Don’t get me wrong, I’m not saying that writers have to avoid every possible stereotype associated with every category a character fits into. Not only would that would stifle creativity, but initiating social change isn’t Michael Bay’s job. The writers of Transformers, however, didn’t bother to give their characters any characteristics other than the stereotypes, and because of this, they don’t act like actual human beings. Which resulted in me not caring about them at all. I’m a fan of science fiction and fantasy, but not because I automatically like anything that has wizards, dragons, or robots. It’s because of the thrill of seeing relatable and likeable characters in extraordinary situations. I felt vindicated on Buffy’s behalf when, after years of ostracizing her, her classmates finally came to her aid just in time to kill an ascending demon at graduation. After watching Peter Parker struggle so hard to balance his various responsibilities, I cringed for him when Doc Ock almost killed him on that train. And I cheered when Mal spread the truth about Miranda, finally winning a battle against the organization that had defeated him and robbed him of his faith. By placing realistic characters in heightened realities, Sci-Fi/Fantasy has the potential to explore human interaction and create metaphors that speak to how we live. But when characters seem to make all decisions based on questions like “How would a really sexy co-ed react to this?” or “Has it been more than five minutes since I’ve made a balls joke?,” a potentially fun and appealing story becomes, as Ebert puts it, “A group of inconsequential human characters watch[ing] animation.”
My favorite character by far in the movie was Bumblebee, the robot that doubles as Sam’s car. Unlike the humans around him, Bumblebee actually exhibits a decent range of believable personality traits. He is loyal and courageous, but also insecure and needy. He is legitimately funny when he plays “Your Cheating Heart” at a tempted Sam and is actually quite poignant when he splices together famous movie lines to impress upon Sam the importance of their mission (though you get the feeling that the writers had to use these lines because they couldn’t think of anything poignant themselves). If only the other characters could have possessed even these surface complexities, then I would have had something to root for during those too-long robot fights.

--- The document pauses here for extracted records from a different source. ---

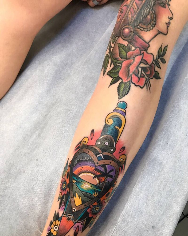 old school纹身图片_腿部脚部Old SchoolNew School太阳山河心纹身图案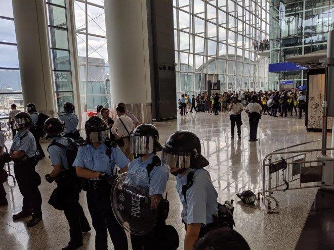 Chiều nay 1-9, người biểu tình và cả cảnh sát cùng kéo về sân bay quốc tế Hong Kong. Theo báoSCMP, người biểu tình hy vọng sẽ lặp lại tình huống đã diễn ra hai tuần trước, khi cuộc biểu tình của họ khiến sân bay bị tê liệt, gần cả ngàn chuyến bay bị hủy.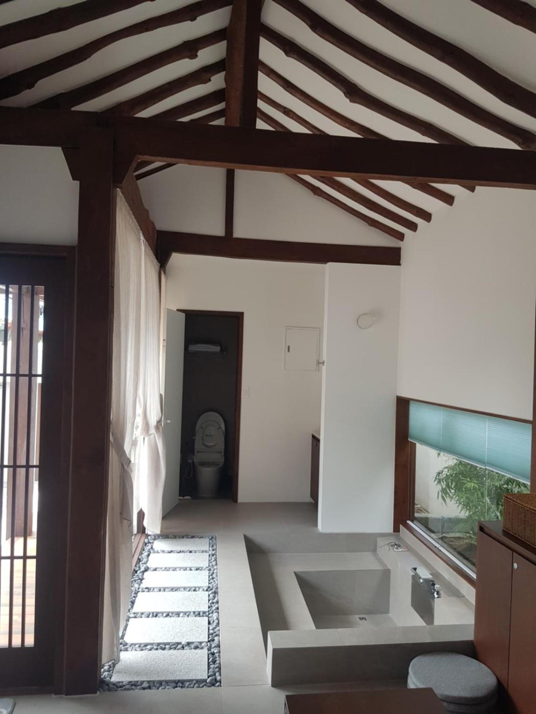 Family Room. The hot tub is the standout feature of this family room. The family room includes a private bathroom, well-fitted with a bath, a shower, a bidet, a hairdryer and slippers. This air-conditioned family room comes with a dining area, a flat-screen TV with streaming services a tea and coffee maker and a wardrobe. The unit has 1 bed and 3 futons.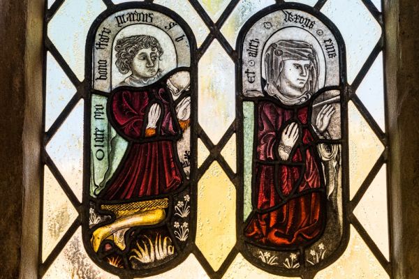 The easternmost window in the north aisle retains fragments of 15th-century glass. There are three tracery lights, one depicting the Virgin Mary and the others depicting a man in a crimson doublet and yellow hose and a woman in a red gown.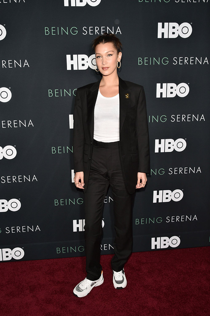 Bella Hadid được biết là một “tín đồ của các sneakers”. Cô khéo léo kết hợp đôi giày thô cùng một bộ âu phục đen trang nhã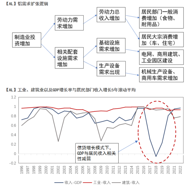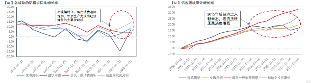 反应到铝需求上,对于生产性领域的投入更加容易推动长期的铝需求增长。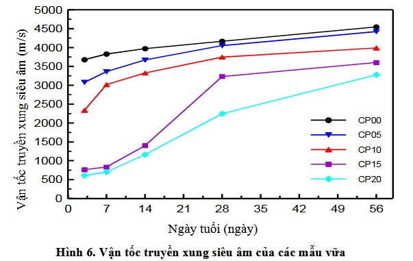 Tại 56 ngày tuổi, giá trị vận tốc truyền xung siêu âm của mẫu đối chứng là 4545 m/s, trong khi các mẫu sử dụng 5%, 10%, 15% và 20% bã cà phê có giá trị vận tốc truyền xung siêu âm tương ứng là 4420 m/s, 3990 m/s, 3604 m/s và 3279 m/s. Theo phân loại chất lượng vữa của Pacheco-Torgal và các cộng sự [21], các mẫu vữa sử dụng bã cà phê trong nghiên cứu này có giá trị vận tốc truyền xung siêu âm trong khoảng 3000 ÷ 4500 m/s được xếp vào loại có chất lượng đảm bảo theo yêu cầu kỹ thuật. Có nghĩa là, nếu dựa vào cường độ chịu nén và giá trị vận tốc truyền xung siêu âm như đã trình bày ở trên, có thể sử dụng bã cà phê đã qua sử dụng với hàm lượng lên tới 20% trong sản xuất vữa xây dựng.

Needless to say, if this was the movie that the folks at Hasbro deemed good enough to keep the company’s name on, then I highly doubt I’ll be in line for G.I. Joe.
So what do you folks think? I didn’t even touch on the dog humping or the robot scrotum, so there’s plenty of material left. I’m especially interested in hearing opinions on the representation of men in the film, since I get the feeling that I’ve missed some of the insulting aspects of that issue.